• Exercise prompt
Starting with the line that has "滾筒篩由一個穿孔的圓柱形滾筒" in the records below and ending with the line that has "<Notice: Removed> IENG", output those lines exactly and nothing more; omit the pictures.

• Input for this task
Start of Block

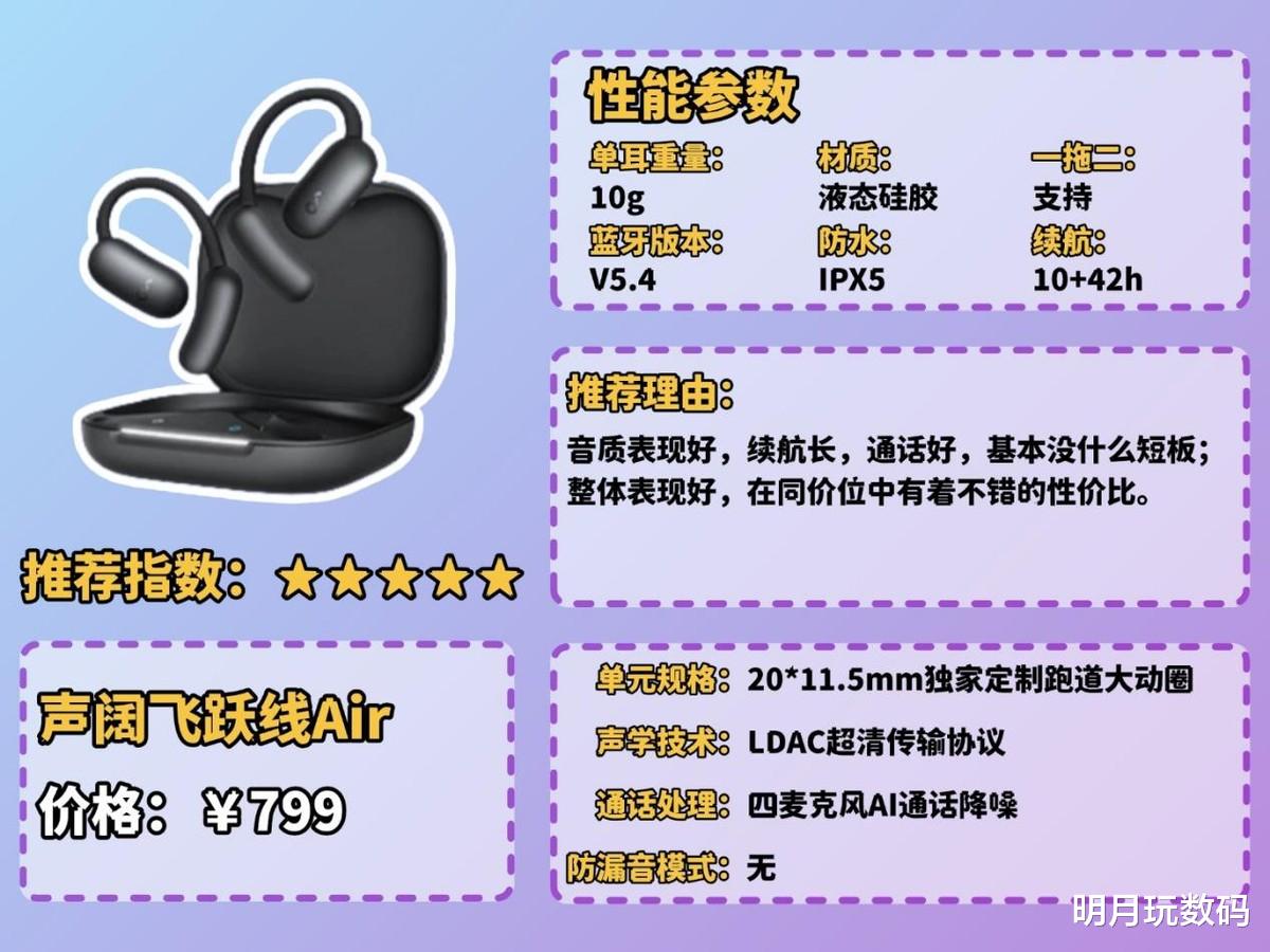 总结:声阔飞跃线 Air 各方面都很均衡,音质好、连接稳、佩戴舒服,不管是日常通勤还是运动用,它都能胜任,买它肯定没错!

End of Block
Start of Block

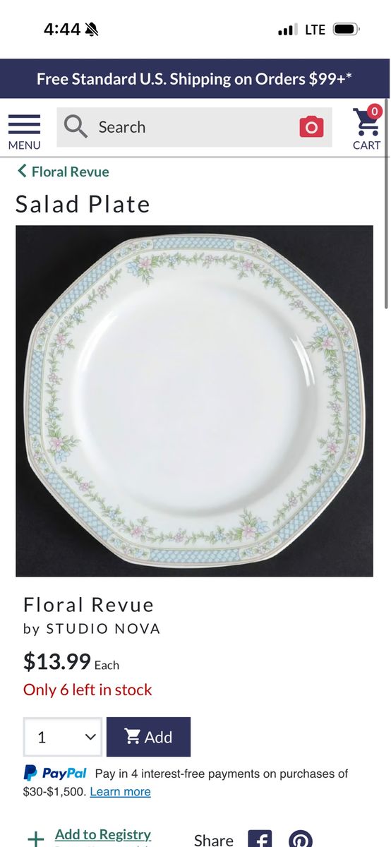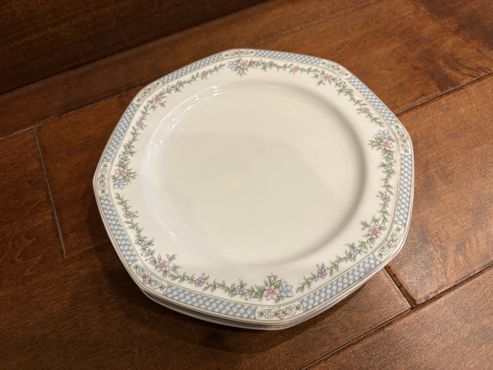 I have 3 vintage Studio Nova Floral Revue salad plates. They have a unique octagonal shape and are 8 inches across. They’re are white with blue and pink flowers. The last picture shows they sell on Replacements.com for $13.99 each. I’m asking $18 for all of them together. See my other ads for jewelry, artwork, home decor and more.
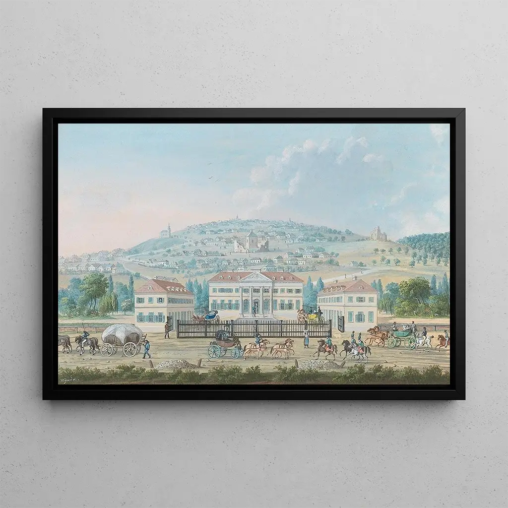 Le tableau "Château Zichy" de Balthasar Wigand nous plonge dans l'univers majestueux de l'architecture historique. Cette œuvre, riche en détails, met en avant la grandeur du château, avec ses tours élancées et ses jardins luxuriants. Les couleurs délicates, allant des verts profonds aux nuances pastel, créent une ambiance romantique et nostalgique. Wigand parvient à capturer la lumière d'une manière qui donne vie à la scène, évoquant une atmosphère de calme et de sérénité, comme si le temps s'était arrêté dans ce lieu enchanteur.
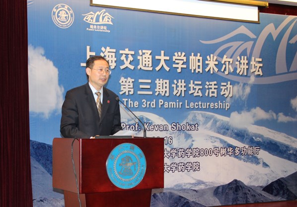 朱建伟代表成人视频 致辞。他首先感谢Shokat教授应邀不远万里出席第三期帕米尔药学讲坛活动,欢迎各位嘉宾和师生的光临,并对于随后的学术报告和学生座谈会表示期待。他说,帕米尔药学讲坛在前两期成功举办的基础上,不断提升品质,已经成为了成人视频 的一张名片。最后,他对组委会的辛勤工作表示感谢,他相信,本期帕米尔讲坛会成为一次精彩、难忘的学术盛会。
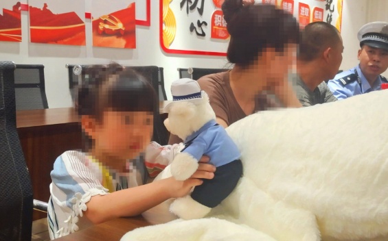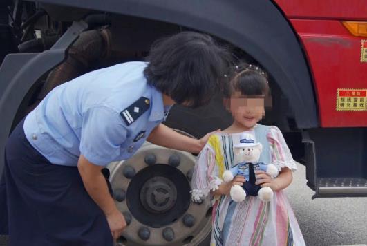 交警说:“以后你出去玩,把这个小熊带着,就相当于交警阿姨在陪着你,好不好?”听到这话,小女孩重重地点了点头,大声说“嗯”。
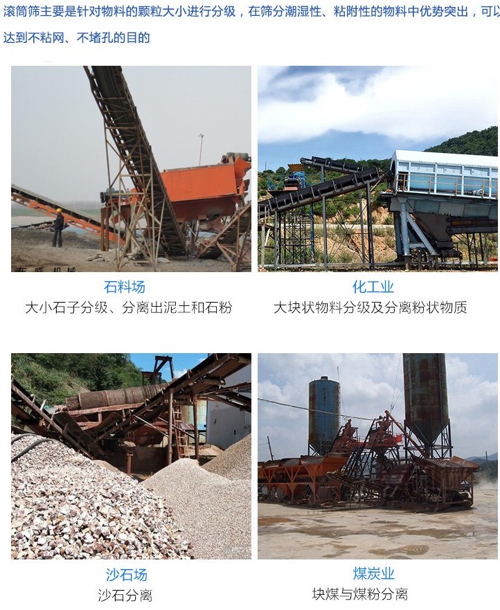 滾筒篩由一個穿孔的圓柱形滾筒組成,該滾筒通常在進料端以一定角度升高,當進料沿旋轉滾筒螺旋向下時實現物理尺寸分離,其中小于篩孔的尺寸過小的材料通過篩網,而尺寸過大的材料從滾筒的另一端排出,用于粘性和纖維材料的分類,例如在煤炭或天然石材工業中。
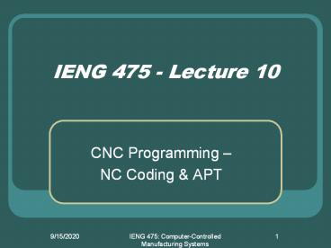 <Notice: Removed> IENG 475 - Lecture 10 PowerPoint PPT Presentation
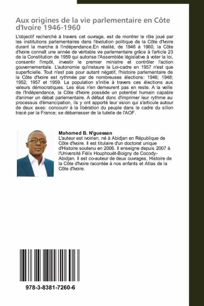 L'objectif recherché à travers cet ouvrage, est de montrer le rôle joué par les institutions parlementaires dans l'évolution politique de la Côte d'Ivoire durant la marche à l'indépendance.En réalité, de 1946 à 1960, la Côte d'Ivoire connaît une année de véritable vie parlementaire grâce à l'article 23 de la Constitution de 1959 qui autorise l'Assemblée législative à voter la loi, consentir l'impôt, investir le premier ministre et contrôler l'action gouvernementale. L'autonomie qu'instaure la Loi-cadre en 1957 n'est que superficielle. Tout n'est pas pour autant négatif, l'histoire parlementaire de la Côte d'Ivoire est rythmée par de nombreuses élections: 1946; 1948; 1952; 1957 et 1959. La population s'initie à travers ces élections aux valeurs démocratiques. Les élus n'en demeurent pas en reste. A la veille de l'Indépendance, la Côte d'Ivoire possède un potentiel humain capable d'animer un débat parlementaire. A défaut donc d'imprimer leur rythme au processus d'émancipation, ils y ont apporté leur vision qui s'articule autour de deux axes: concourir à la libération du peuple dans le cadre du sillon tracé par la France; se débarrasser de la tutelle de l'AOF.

End of Block

• Exercise output
 滾筒篩由一個穿孔的圓柱形滾筒組成,該滾筒通常在進料端以一定角度升高,當進料沿旋轉滾筒螺旋向下時實現物理尺寸分離,其中小于篩孔的尺寸過小的材料通過篩網,而尺寸過大的材料從滾筒的另一端排出,用于粘性和纖維材料的分類,例如在煤炭或天然石材工業中。
 <Notice: Removed> IENG 475 - Lecture 10 PowerPoint PPT Presentation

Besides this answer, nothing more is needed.